EXERCISE:
In the material below, find the line containing "Ciudad Victoria, Tamaulipas.- El" and output it and all lines after it exactly, through the last one, without the pictures.

MATERIAL PROVIDED:

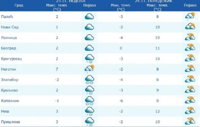 Понедељак ће ујутро донети мраз и врло хладно време, са минималном температуром од -5 до 0°Ц. Током дана биће умерено облачно, суво и мало топлије, са температуром и до 10 °Ц. Увече на северу и западу, а током ноћи и у осталим крајевима стиже ново наоблачење са кишом.
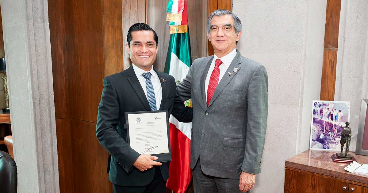 Ciudad Victoria, Tamaulipas.- El gobernador Américo Villarreal Anaya, designó a José Fernando Centeno Sierra como representante del Gobierno de Tamaulipas en la Ciudad de México, adscrito a la Oficina del Ejecutivo; Centeno Sierra recibió de manos del Gobernador el nombramiento en las oficinas de Palacio de Gobierno.
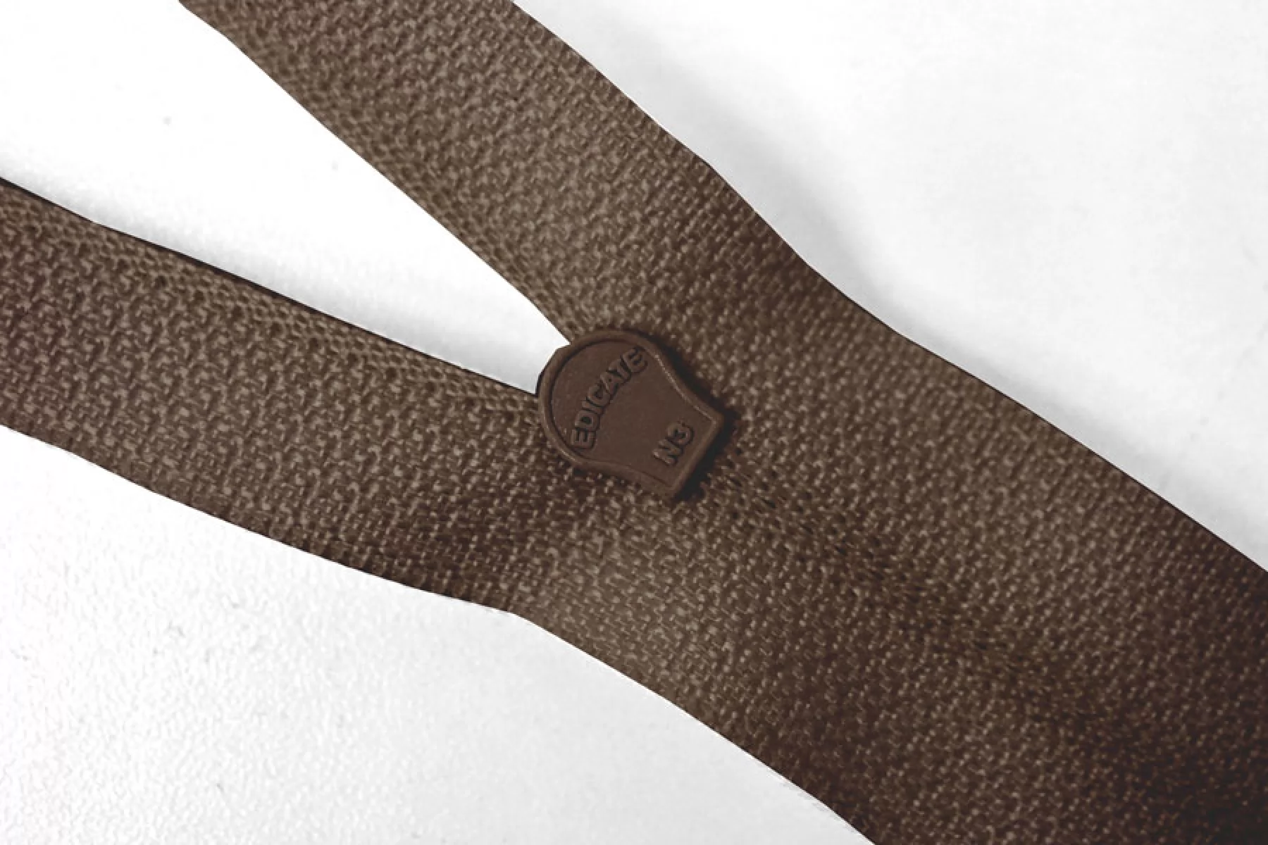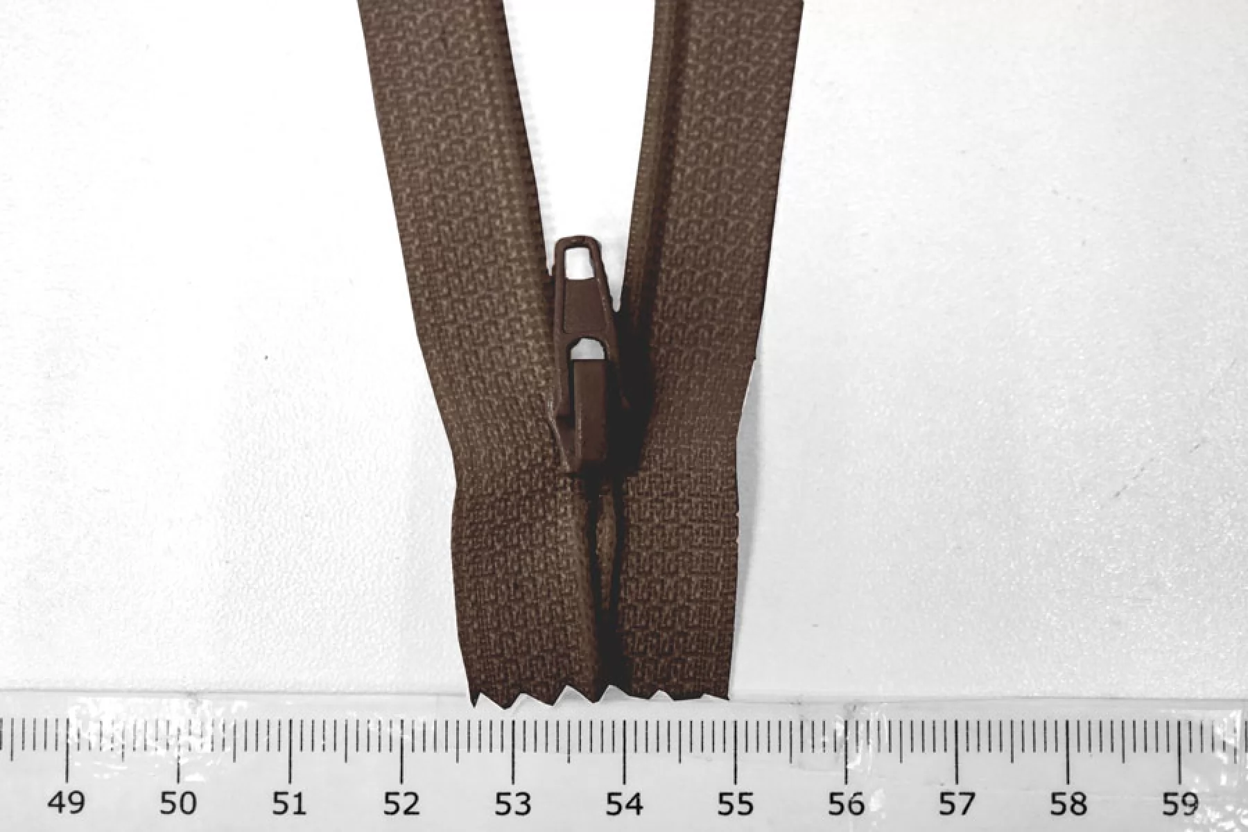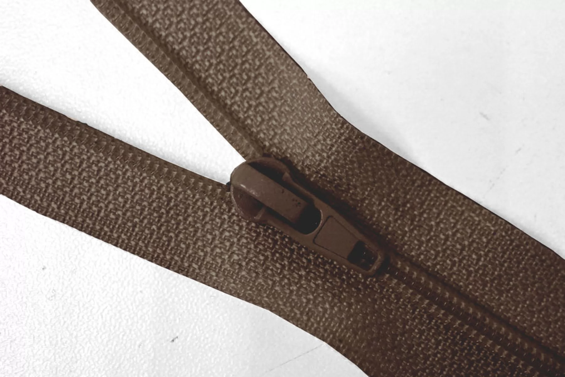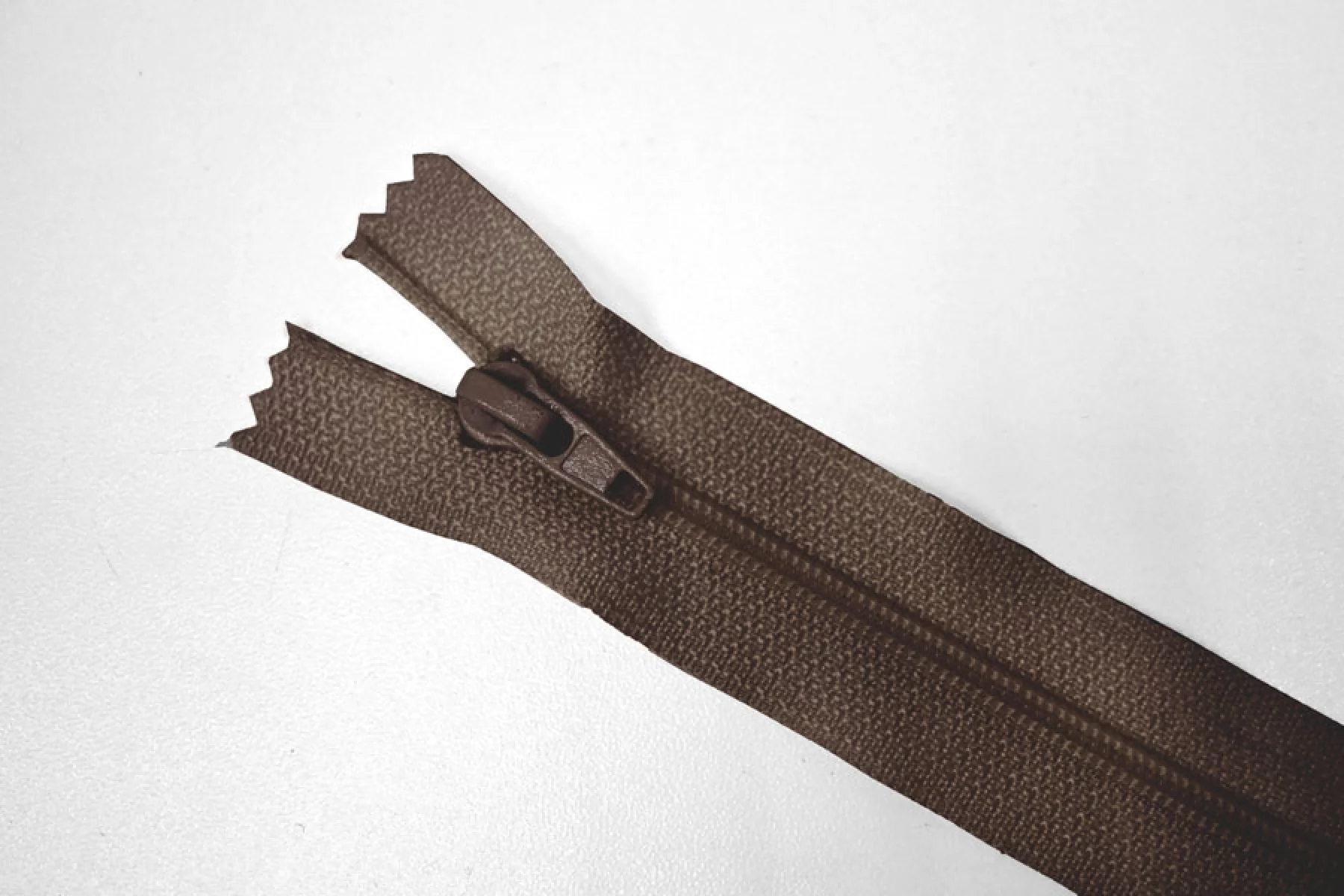 Молния от EDICATE неразъемная , коричневого цвета , Зубцы пластиковые, пуллер и слайдер -металлический. Длина 16 см. Ширина 2,5 м. Ширина зубцов 4 мм.
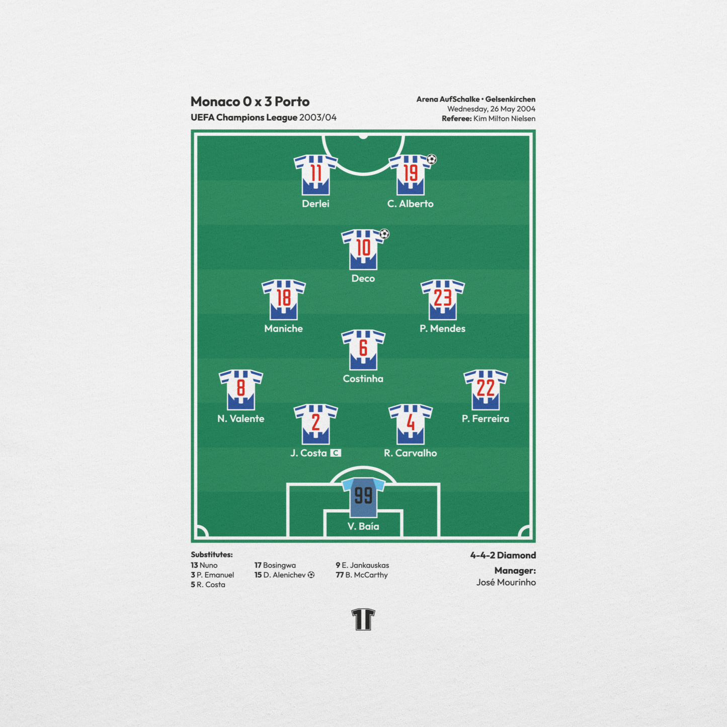 - Estampa exclusiva com o plantel campeão da Champions League 2003/04
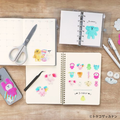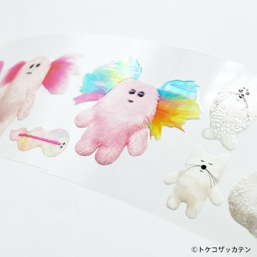 自分で好きなモチーフを好きな形に切り取って貼って使えるクリアロールステッカー。全てのシールにオーロラのキラキラ加工。高精細な印刷でクリエイターのイラストの世界観をクリアに表現しています。
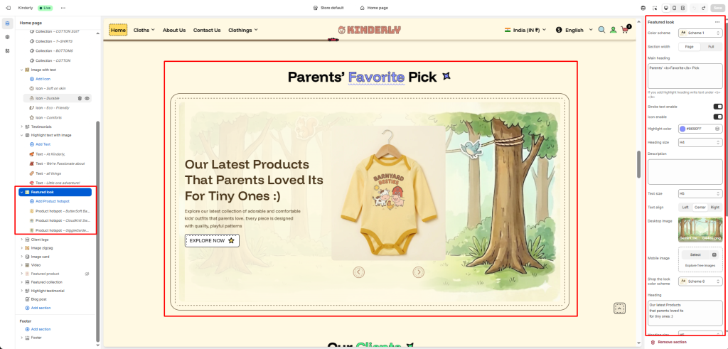The Featured Look section displays a lifestyle image with product hotspots alongside a content panel — combining storytelling with interactive product discovery.
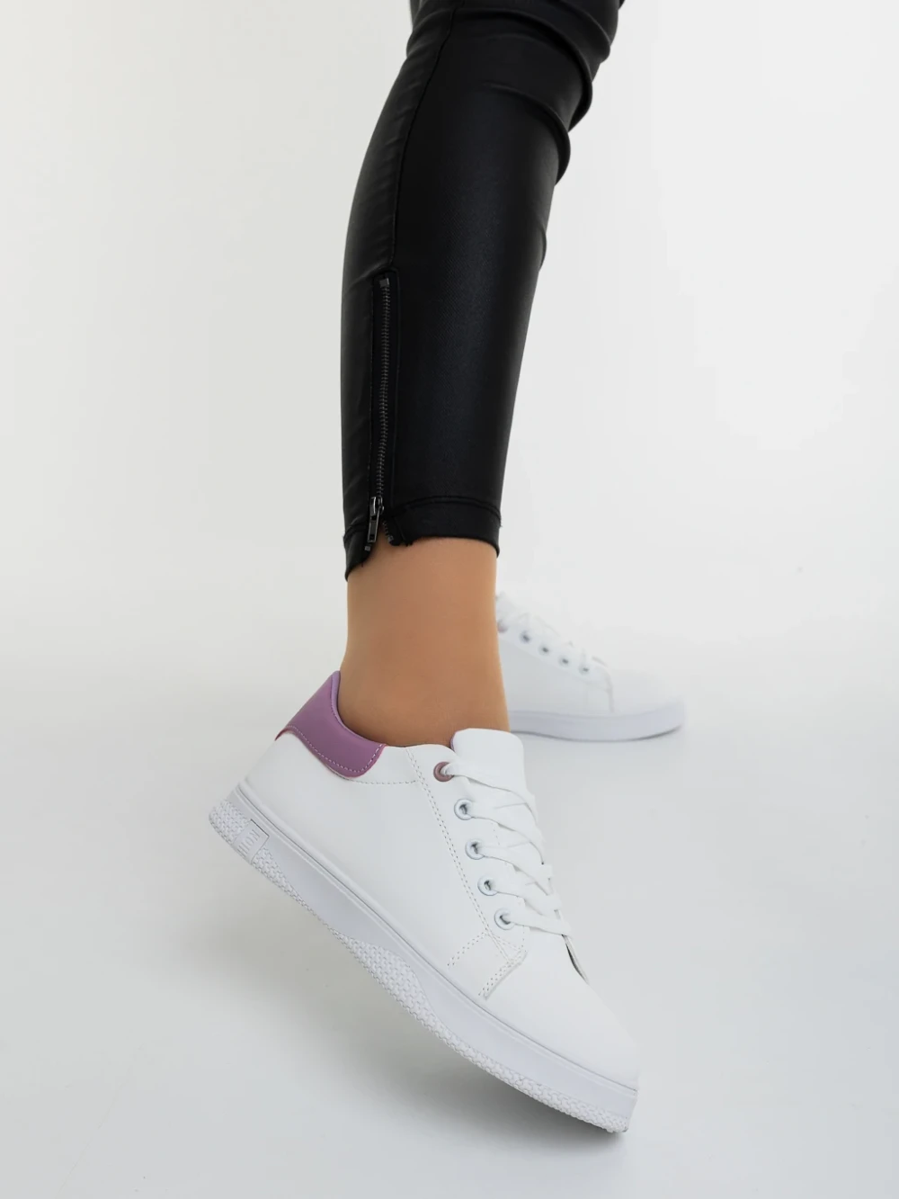 Pantofi sport dama albi cu mov din piele ecologica Everia Detalii produs

RESULT OF THIS TASK:
 Ciudad Victoria, Tamaulipas.- El gobernador Américo Villarreal Anaya, designó a José Fernando Centeno Sierra como representante del Gobierno de Tamaulipas en la Ciudad de México, adscrito a la Oficina del Ejecutivo; Centeno Sierra recibió de manos del Gobernador el nombramiento en las oficinas de Palacio de Gobierno.
 Молния от EDICATE неразъемная , коричневого цвета , Зубцы пластиковые, пуллер и слайдер -металлический. Длина 16 см. Ширина 2,5 м. Ширина зубцов 4 мм.
 - Estampa exclusiva com o plantel campeão da Champions League 2003/04
 自分で好きなモチーフを好きな形に切り取って貼って使えるクリアロールステッカー。全てのシールにオーロラのキラキラ加工。高精細な印刷でクリエイターのイラストの世界観をクリアに表現しています。
The Featured Look section displays a lifestyle image with product hotspots alongside a content panel — combining storytelling with interactive product discovery.
 Pantofi sport dama albi cu mov din piele ecologica Everia Detalii produs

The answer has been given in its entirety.